Data warehouses have emerged in many industries during the past 15 years as a standard method for managing enterprise data.1 However, their adoption by healthcare organizations has been less pervasive, no doubt due to the complexity and heterogeneity of biomedical, operational, and clinical data.
Nevertheless, substantial progress has been made at organizations such as Intermountain Healthcare,2 who are building on their 30-year legacy of clinical decision support systems. Indeed, current development efforts at Intermountain include sophisticated modeling of data elements, composite concepts, and ‘detailed clinical models.’3 4
Similarly, the long tradition of COSTAR5 at the Massachusetts General Hospital has spawned a new generation of enterprise data warehousing optimized for translational research across the Harvard clinical communities.6 7
Most recently, a large multi-site effort has begun to integrate genomic data with high-throughput patient enrollment in an anonymized ‘non-human subject’ data model at Vanderbilt.8 This database, together with Marshfield Clinic, Northwestern, Group Health of Puget Sound, and Mayo Clinic, are engaged in an ongoing project to algorithmically define clinical phenotype from electronic records and clinical warehouses as part of the eMERGE9 (electronic Medical Records and Genomics) consortium, funded by NHGRI.
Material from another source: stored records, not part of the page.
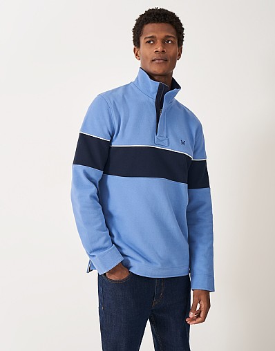 Our cut and sew Padstow pique sweatshirt in blue, navy and white. Featuring a contrasting stripe on the chest, underarm eyelets, a zip pull and our crossed oars neatly embroidered on the chest. Pair with jeans and step out in style.
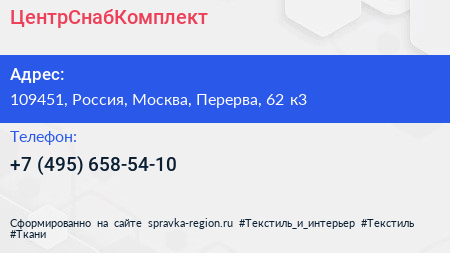 ЦентрСнабКомплект по адресу 109451, Россия, Москва, Перерва, 62 к3 в дальнейшем Организация, размещена в следующих категориях:
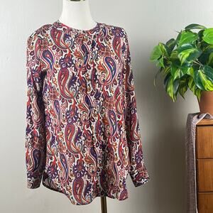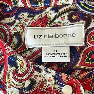 Liz Claiborne Button Front Red & Blue Paisley Long Sleeve Blouse Size Small
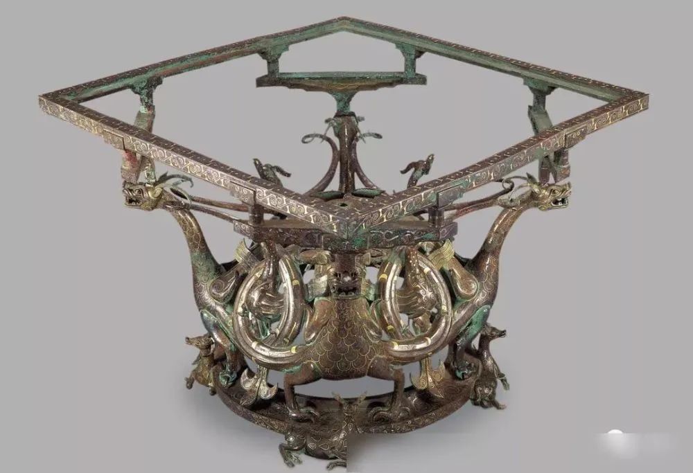 圖為收錄在河北省博物館的錯金銀四龍四鳳銅方案
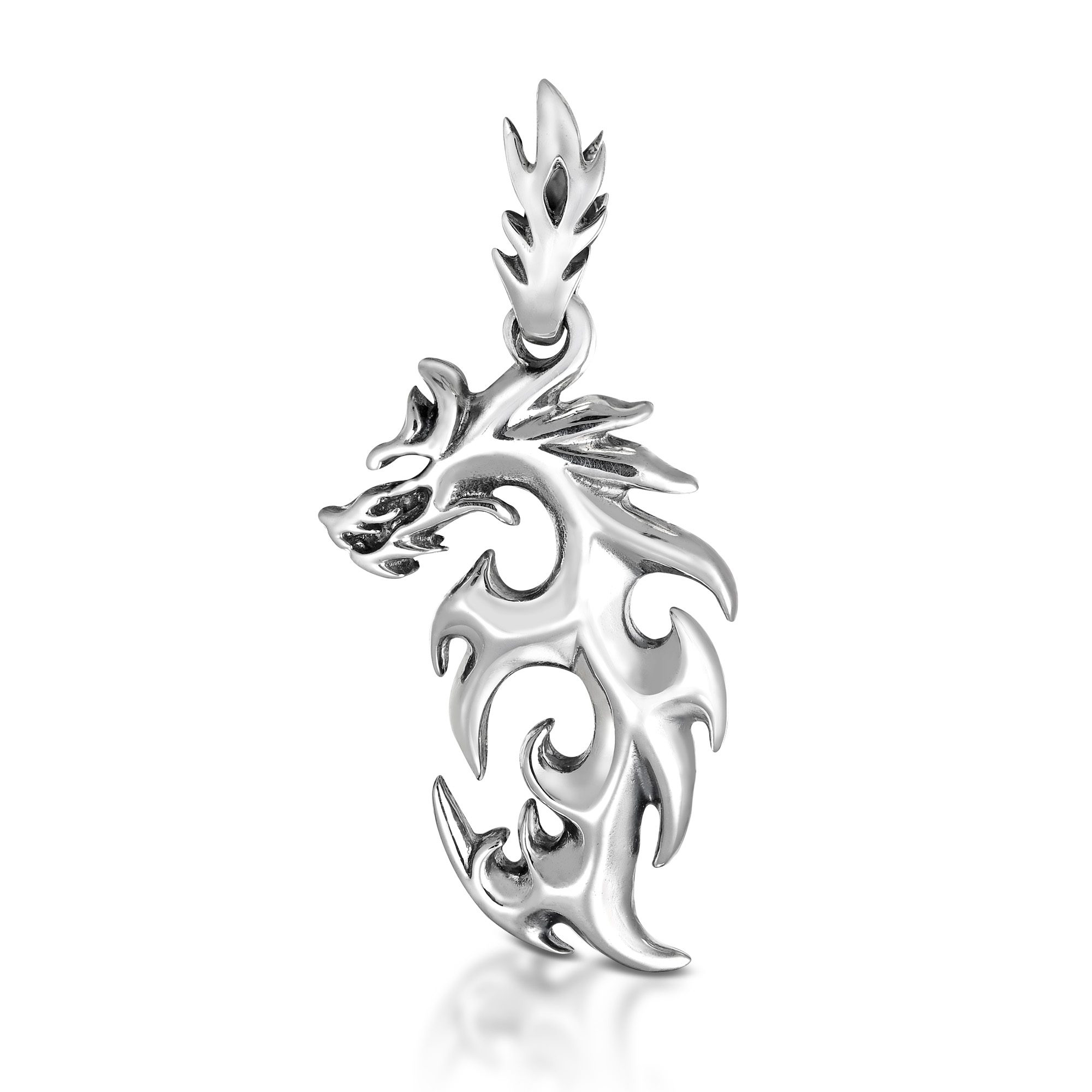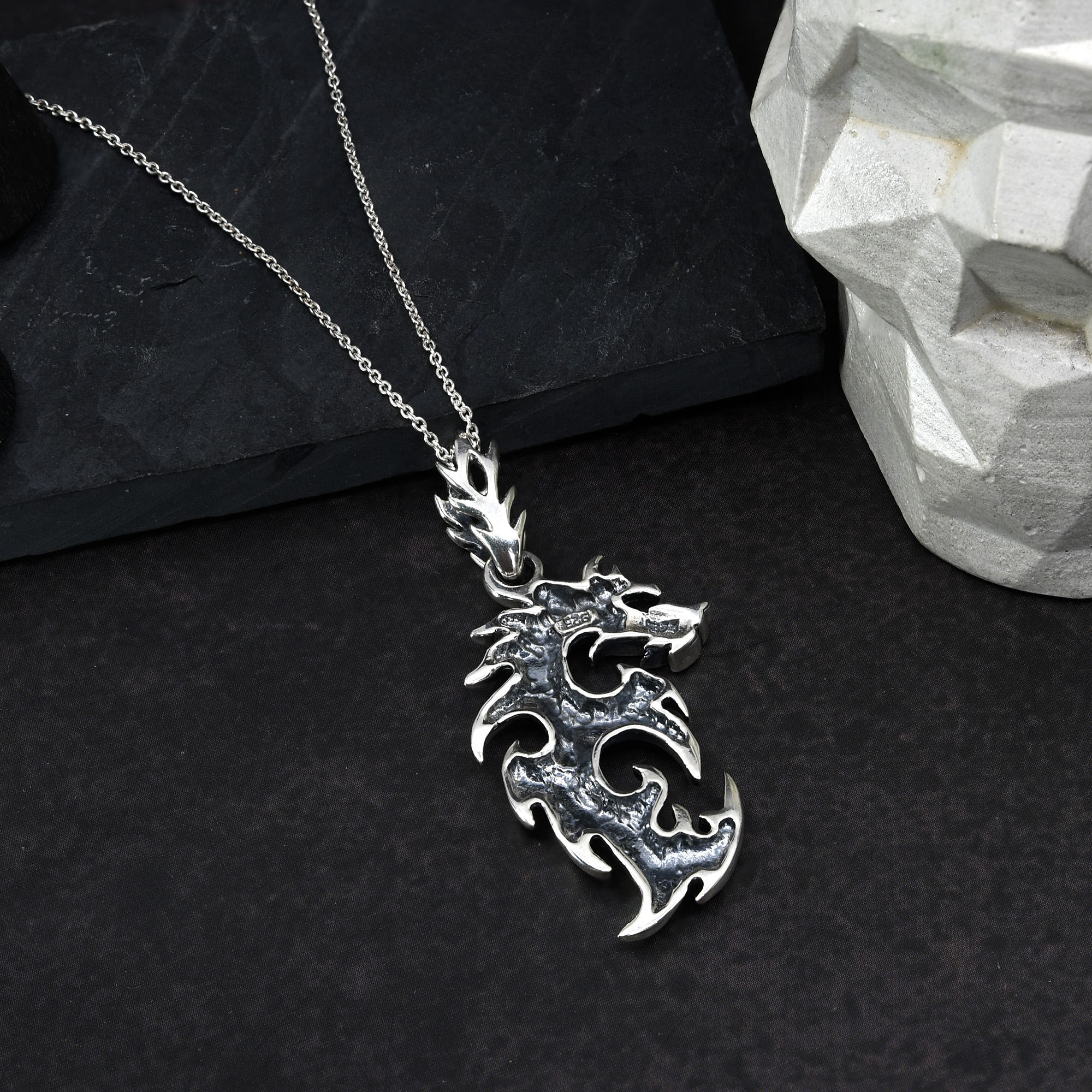Add a beautifully crafted dragon accent to any outfit with this amazing necklace from Thai silver artisans Andy and Kathy. For this piece, fine sterling silver is transformed into a fiery Asian dragon pendant. The jagged edges give off a trendy tribal vibe that is on fire. All set on a sterling silver cable chain necklace, this unique and chic fashion accessory is a definite must-have for you style wardrobe.
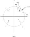 In FIG. 12A, a first modulation perturbation (1) is at a phase angle Θ1 of 45° and subtends an angle Δθ1 of approximately 1° between 44.5° and 45.5° (not shown to scale). A second modulation perturbation (2) is at a phase angle Θ2 of 315° and subtends an angle ΔΘ2 of approximately 0.5° between 314.5° to 315.5°. A third modulation perturbation (3) is at a phase angle θ3 of 225° and subtends an angle ΔΘ3 of approximately 1° between 224.5° and 225.5°. A fourth modulation perturbation (4) is at a phase angle θ4 of 135° and subtends an angle ΔΘ4 of approximately 1° between 134.5° and 135.5°. In order to achieve energy balancing of the energies associated with modulation perturbations at 45° and at 225°, and energy balancing of the energies associated with modulation perturbations at 135° and at 315°, values of the modulated sinusoid defining transitions into and out of the modulation perturbations may be modified. Alternatively or in addition, the angles subtended by the modulation perturbations may be modified in order to achieve such energy balancing.

Mayo patient record history
The legacy of the Mayo patient record as an organized resource to support research and quality improvement dates back well over a century.10 Working with structured paper documents that organized where information should be put, such as laboratory results or physical examination findings, Mayo has supported the notion of explicitly ‘missing information’ since 1907. Augmenting this have been comprehensive indices of patient diagnoses or surgeries, initially on manually curated 5×7 index cards, incrementally invoking machine automating from IBM tabulating card technology through fully electronic databases by the 1970s. These data collections have proven to be an invaluable resource for disease natural history, outcomes analyses, and evidence discovery.11
Early efforts to integrate information organization into a semantically well-formed structure began by the early 1990s,12 coupled with a coordinated infrastructure for registry creation and information retrieval.13 14 This was enhanced by sustained efforts in the domain of clinical vocabulary and ontology,15 particularly as it pertained to patient information retrieval.16
Inevitably, these efforts evolved toward data warehousing, as Mayo along with other healthcare organizations began to adopt data warehousing principles. Our first effort was a joint development with IBM to create a comprehensive, single site clinical data repository, derived from electronic medical record and billing systems resources.17 This proved successful in many respects, not the least of which was the formal integration of NLP18 (natural language processing) based on the open-source UIMA19 (unstructured information management architecture) platform from IBM. The core NLP pipeline has been released into open source as part of the OHNLP (Open Health Natural Language Process) Consortium.20
However, a systematic normalization of this data, including consistent information models, shared vocabulary, and systematic ETL (extraction, transform, and load) was recognized as a critical need for a semantically integrated data store for all enterprise data. Whereas our initial, more targeted benefits were fairly quickly realized utilizing copies of transactional data models and a novel query tool, the architecture and infrastructure were neither flexible nor scalable enough for handling larger and more complex enterprise-wide queries. Data modeling was handled in a cursory fashion and metadata were not systemically captured. The focus was on querying existing data, the results of which reinforced the need for, and challenges associated with, Data Governance. Hence, Mayo commenced work on a data repository built on industry standard data warehousing principles starting in 2005, called the Enterprise Data Trust.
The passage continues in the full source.